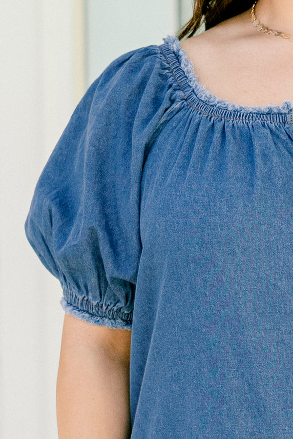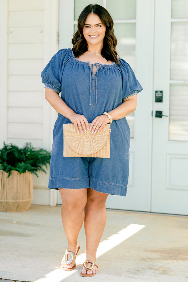 Pop into the Sweet Nothings Romper and watch heads turn! This blue denim romper features bouncy elastic puff sleeves that do a little happy dance with every move! Stash your lip gloss in the handy pockets while the flirty frayed details along the neckline and sleeves add that perfect "effortlessly fabulous" touch! Who knew one piece could be so much fun?!
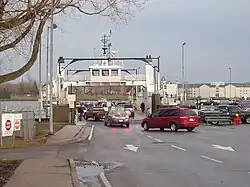 Wolfe Island can be accessed by ferry from Canada and the United States. The ferry from Kingston (Wolfe Islander III) is operated by the Ministry of Transportation (MTO) and is free of charge. This ferry operates from two locations: the Summer Dock located in Marysville and the Winter Dock located at Dawson Point. This route includes an underwater air bubbler system that stretches to the Barrack Street Dock in Kingston, Ontario, whose purpose is to prevent ice buildup along the ferry's route in winter.[6] This ferry service is currently being examined in an ongoing transportation study.[6] The seasonal Horne's Ferry (May to October) toll ferry[7] to Cape Vincent, New York, first licensed in 1802, is still operated by the descendants of the first licence-holder and is one of the rare Canada-US international border crossings to be privately operated (the others are the Windsor-Detroit's Ambassador Bridge and Sombra–Marine City (Bluewater) Ferry).
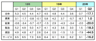 GDP成長率、第2四半期はマイナス17.1%に
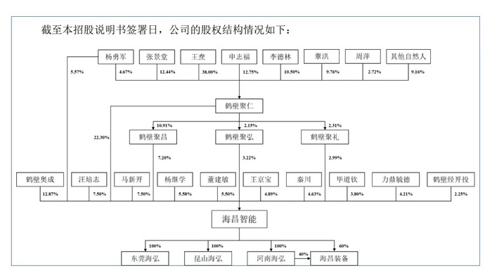 为何王焘没有签名?招股书显示,控股股东鹤壁聚仁共有11名股东,其中王焘持股比例最高,高达38%,间接持有海昌智能8.47%的股权,而董事长杨勇军在鹤壁聚仁的持股比例仅4.67%,间接持股比例1.04%,合计持股比例10.02%,略高于王焘。
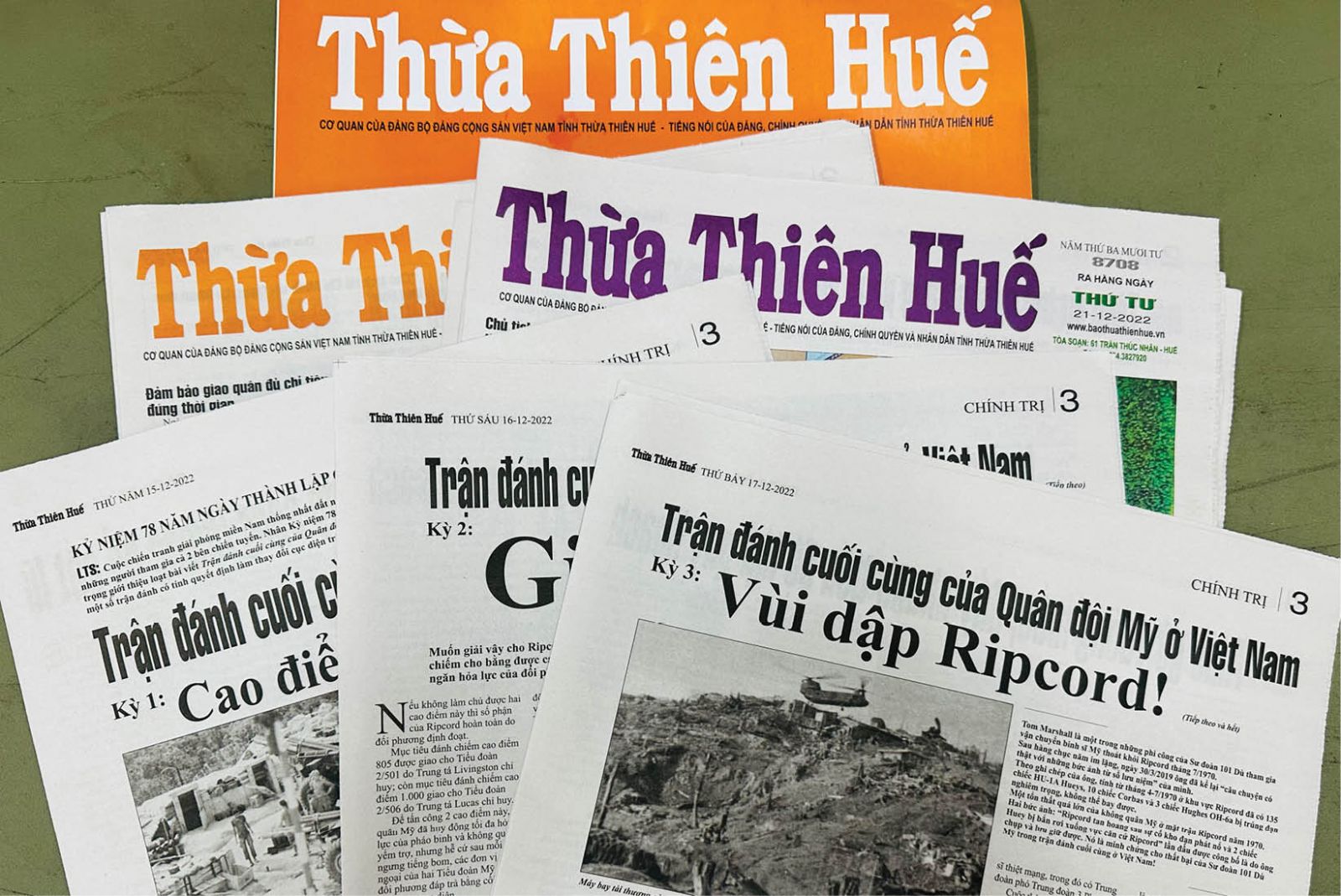 HNN - Các ngày 15, 16, 17/12/2022, bằng cả hai hình thức in và online, Báo Thừa Thiên Huế đã đăng bài nhiều kỳ về “Trận đánh cuối cùng của Quân đội Mỹ ở Việt Nam” của Nhà báo Phạm Hữu Thu. Một bài viết công phu, tâm huyết, mang cái nhìn từ cả hai chiến tuyến đã lột tả bức tranh chân thực, khách quan, toàn diện về giá trị của trận chiến ở cao điểm 935 (phía Mỹ gọi là Ripcord) do Sư đoàn 324 và Trung đoàn 6 Quân khu Trị Thiên thực hiện.
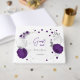 Livre D'or royal violet & fleurs blanches argent mariage

★ ★ ★ ★ ★

◆ **How to complete this task**
A picture must not appear in the copy. Transcribe exactly the lines from the one with "GDP成長率、第2四半期はマイナス17.1%に" through the final line of the entries, both included, and no more.

◆ **Solution below**
 GDP成長率、第2四半期はマイナス17.1%に
 为何王焘没有签名?招股书显示,控股股东鹤壁聚仁共有11名股东,其中王焘持股比例最高,高达38%,间接持有海昌智能8.47%的股权,而董事长杨勇军在鹤壁聚仁的持股比例仅4.67%,间接持股比例1.04%,合计持股比例10.02%,略高于王焘。
 HNN - Các ngày 15, 16, 17/12/2022, bằng cả hai hình thức in và online, Báo Thừa Thiên Huế đã đăng bài nhiều kỳ về “Trận đánh cuối cùng của Quân đội Mỹ ở Việt Nam” của Nhà báo Phạm Hữu Thu. Một bài viết công phu, tâm huyết, mang cái nhìn từ cả hai chiến tuyến đã lột tả bức tranh chân thực, khách quan, toàn diện về giá trị của trận chiến ở cao điểm 935 (phía Mỹ gọi là Ripcord) do Sư đoàn 324 và Trung đoàn 6 Quân khu Trị Thiên thực hiện.
 Livre D'or royal violet & fleurs blanches argent mariage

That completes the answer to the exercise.